Ich stimme dir zu, wenn du sagst, dass C/C++ zu komplex für den Anfang ist.

PHP hat wie schon von dir erwähnt nicht nur den Nachteil, dass HTML/CSS/JS dazu kommt, sondern auch, dass man IMHO mit PHP sehr schlampiges Programmieren unterstützt wird. Variablen müssen nicht deklariert werden, es gibt keine Typsicherheit etc. Für den Einsteiger macht das natürlich vieles einfacher. Aber ich fände es schon sehr sinnvoll, wenn man von Anfang an zwischen Ganzzahlen, Kommazahlen, Strings usw. unterscheiden lernt.

C# und VB.NET haben IMHO den Nachteil, dass sie gleich mit der ganzen Objektorientierung daherkommen. Das kann als jüngerer Programmieranfänger eine zusätzliche Hürde sein, die es erst mal in der Theorie zu meistern gilt.

Visual Basic an sich wäre eine Möglichkeit. Mehr kann ich dazu allerdings nicht sagen, da ich schon länger nicht mehr mit VB zu tun hatte und deshalb auch nicht weiß, wie es sich inzwischen entwickelt hat.

Meine Empfehlung wäre aber keine der hier genannten Sprachen, sondern Pascal. Meiner Meinung nach eine für Anfänger gut geeignete Sprache, anhand der man viele programmiertechnisch relevanten Begriffe, Vorgehensweisen, Formalitäten und Fähigkeiten erlernen kann.

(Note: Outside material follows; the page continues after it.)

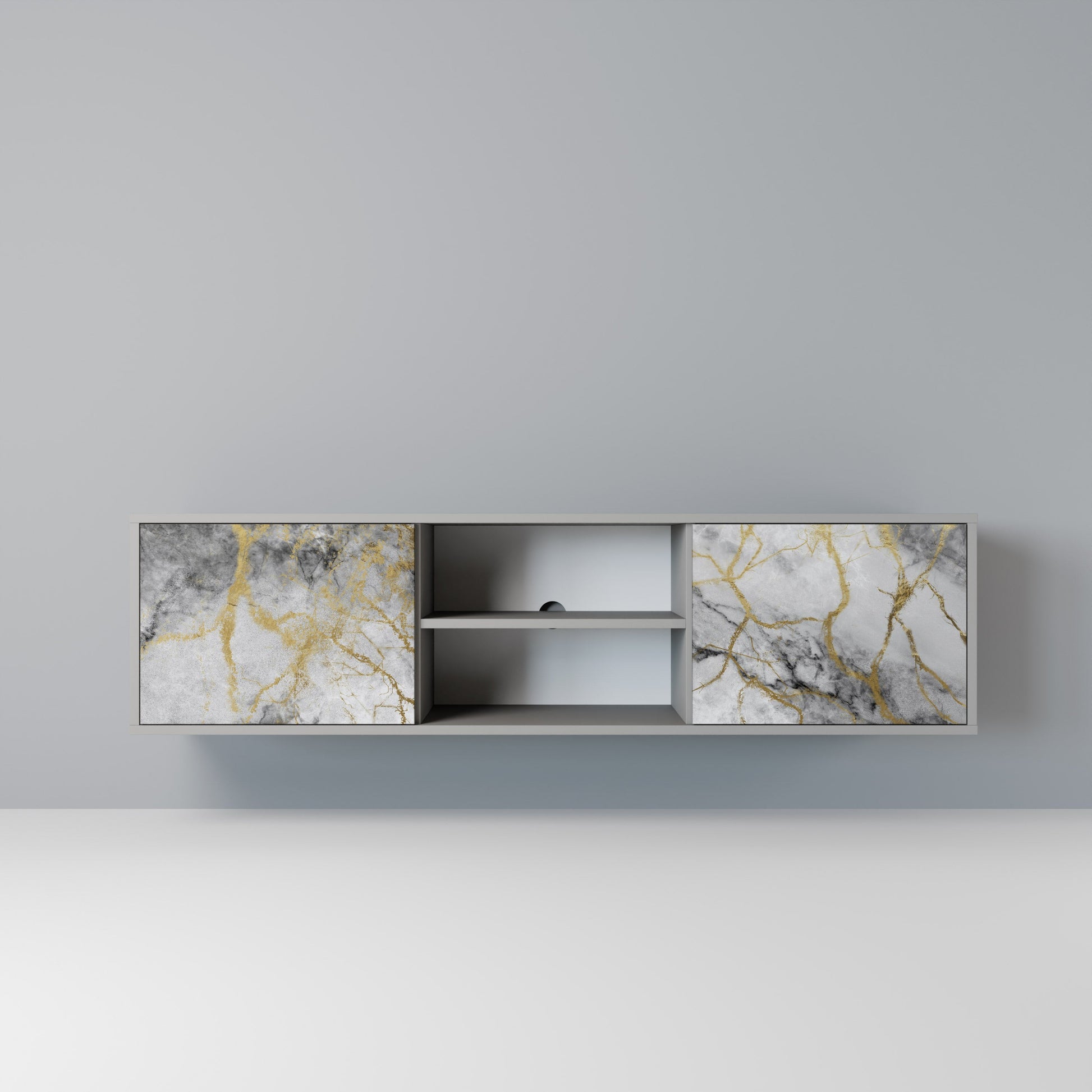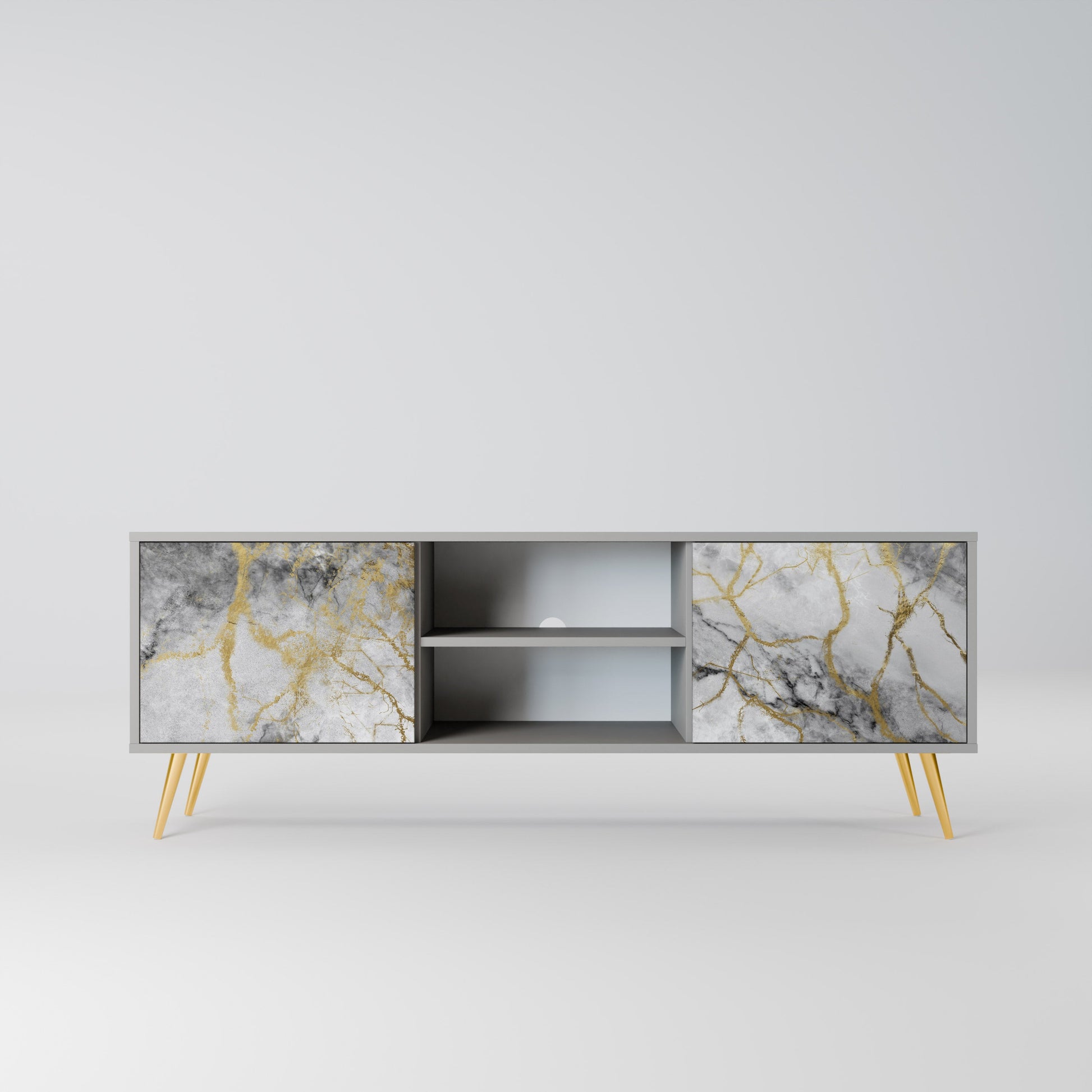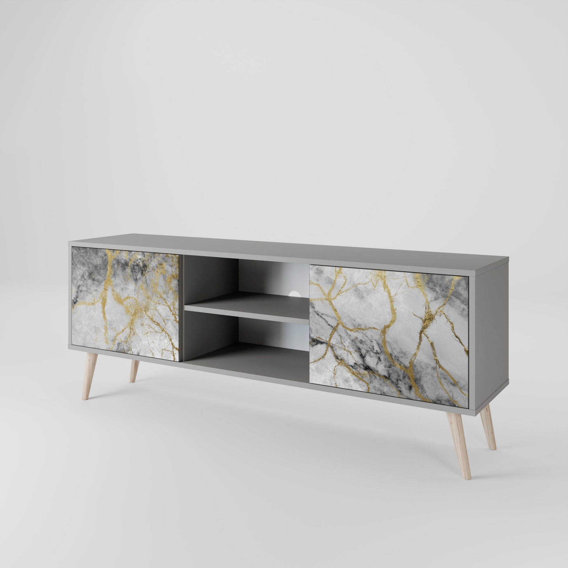 The grey body lends the TV stand a contemporary, refined look, while the fronts with an exceptional print capture attention, becoming the focal point of any room. The spacious interior provides room for electronic devices, cables, remotes, and other accessories, helping you maintain order and organization.

Bezüglich schneller Erfolge... wenn's von der ersten Minute an Krachbummbäng machen soll, dann kannst du ihm ja Klick & Play oder ähnliche "Spielebaukästen" vor den Latz knallen  Ohne entsprechende Grundlagen (die gelernt sein wollen), kann man beim Programmieren eben leider nicht viel erreichen...


----------



## Jukkales (17. Februar 2005)

ich habe mit 12 Visual Basic angefangen (hatte aus anderen gründen später keine lust mehr) weil mir c++ zu schwer war. Zu viele Dateieinbindungen etc. 

Wenn würde ich sagen VB. Nur weiß man nicht ob VB noch lange exsistiert meine ich


----------



## ManicMarble (17. Februar 2005)

Danke für die ersten Meinungen.

Jaja, es soll schon ein bischen krachen, sonst ist's schnell aus mit dem kindlichen Enthusiasmus. Aber Grundlagen lernen soll er schon auch dabei...

@Mathias: Hast meine Tendenz schon ziemlich bestätigt. Leider habe ich selbst noch nie was mit Pascal oder Delphi am Hut gehabt und könnte ihm da wenig zeigen. Recht hast Du mit der "schlampigen Programmierung" die er sich möglichst gar nicht erst angewöhnen sollte. Das kann aber mit VB auch passieren (kein "Option Explicit" und alle Variablen als Variants)...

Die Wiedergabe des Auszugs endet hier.